(Records to process begins)
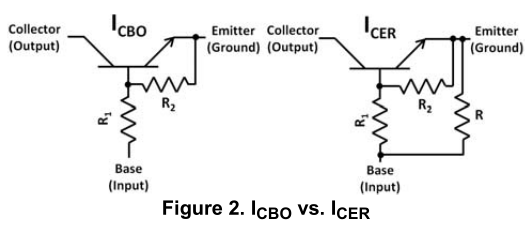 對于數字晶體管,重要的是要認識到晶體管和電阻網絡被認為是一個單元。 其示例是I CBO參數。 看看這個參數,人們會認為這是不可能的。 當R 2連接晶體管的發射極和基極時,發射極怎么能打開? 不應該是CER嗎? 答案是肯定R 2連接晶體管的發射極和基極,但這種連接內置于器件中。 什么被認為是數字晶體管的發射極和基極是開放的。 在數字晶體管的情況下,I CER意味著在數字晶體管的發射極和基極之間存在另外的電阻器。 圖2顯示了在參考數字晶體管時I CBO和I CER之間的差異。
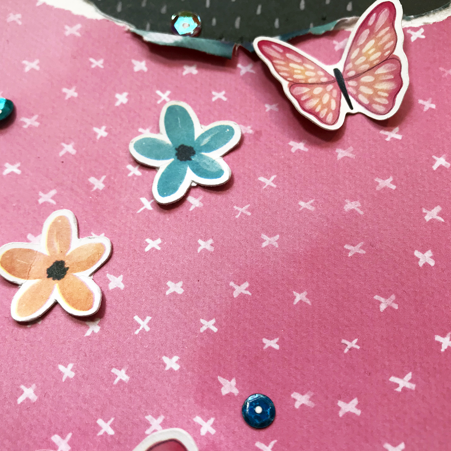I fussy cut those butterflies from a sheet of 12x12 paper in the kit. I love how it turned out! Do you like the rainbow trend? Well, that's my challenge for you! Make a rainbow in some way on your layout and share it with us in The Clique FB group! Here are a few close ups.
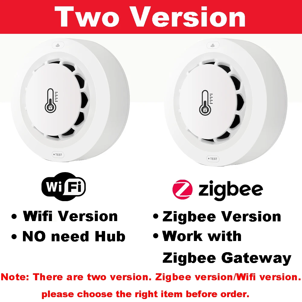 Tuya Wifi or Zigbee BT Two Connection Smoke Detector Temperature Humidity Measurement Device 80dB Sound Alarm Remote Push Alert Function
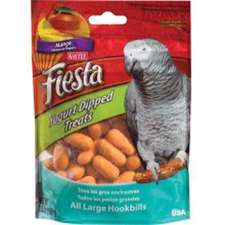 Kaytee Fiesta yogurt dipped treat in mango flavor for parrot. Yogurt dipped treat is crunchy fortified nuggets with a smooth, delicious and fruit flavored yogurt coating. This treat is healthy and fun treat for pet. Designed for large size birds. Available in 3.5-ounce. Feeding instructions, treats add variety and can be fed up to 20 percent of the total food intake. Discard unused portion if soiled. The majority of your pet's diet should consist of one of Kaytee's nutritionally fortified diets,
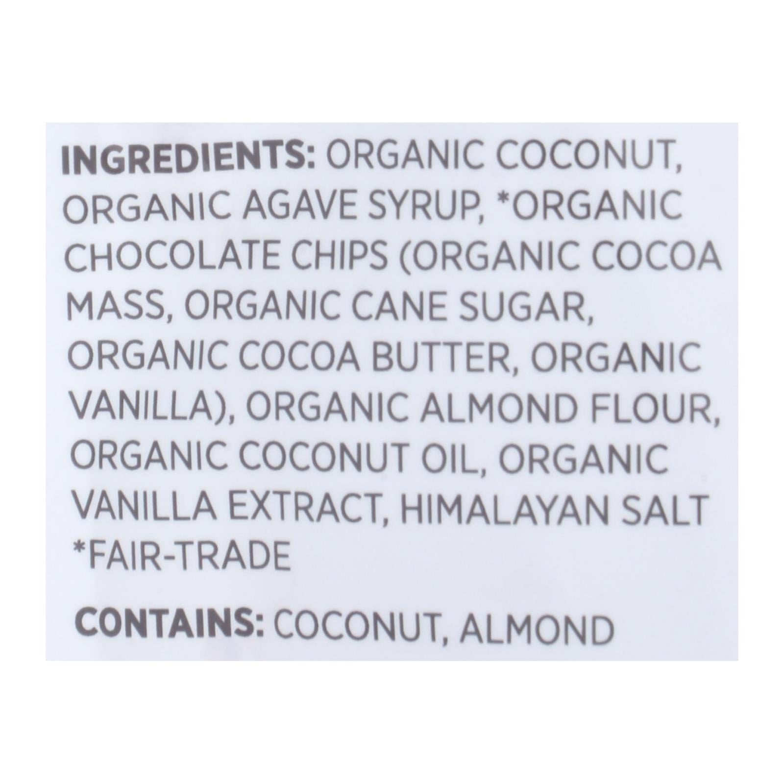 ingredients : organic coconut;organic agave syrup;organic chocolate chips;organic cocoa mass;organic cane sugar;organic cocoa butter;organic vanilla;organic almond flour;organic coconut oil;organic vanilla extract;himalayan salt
(Records to process ends)
- [Exercise] Find the line containing "Kaytee Fiesta yogurt" in the records above, then copy it and every line after it exactly, through the last one, without any pictures.

- [Worked solution]
 Kaytee Fiesta yogurt dipped treat in mango flavor for parrot. Yogurt dipped treat is crunchy fortified nuggets with a smooth, delicious and fruit flavored yogurt coating. This treat is healthy and fun treat for pet. Designed for large size birds. Available in 3.5-ounce. Feeding instructions, treats add variety and can be fed up to 20 percent of the total food intake. Discard unused portion if soiled. The majority of your pet's diet should consist of one of Kaytee's nutritionally fortified diets,
 ingredients : organic coconut;organic agave syrup;organic chocolate chips;organic cocoa mass;organic cane sugar;organic cocoa butter;organic vanilla;organic almond flour;organic coconut oil;organic vanilla extract;himalayan salt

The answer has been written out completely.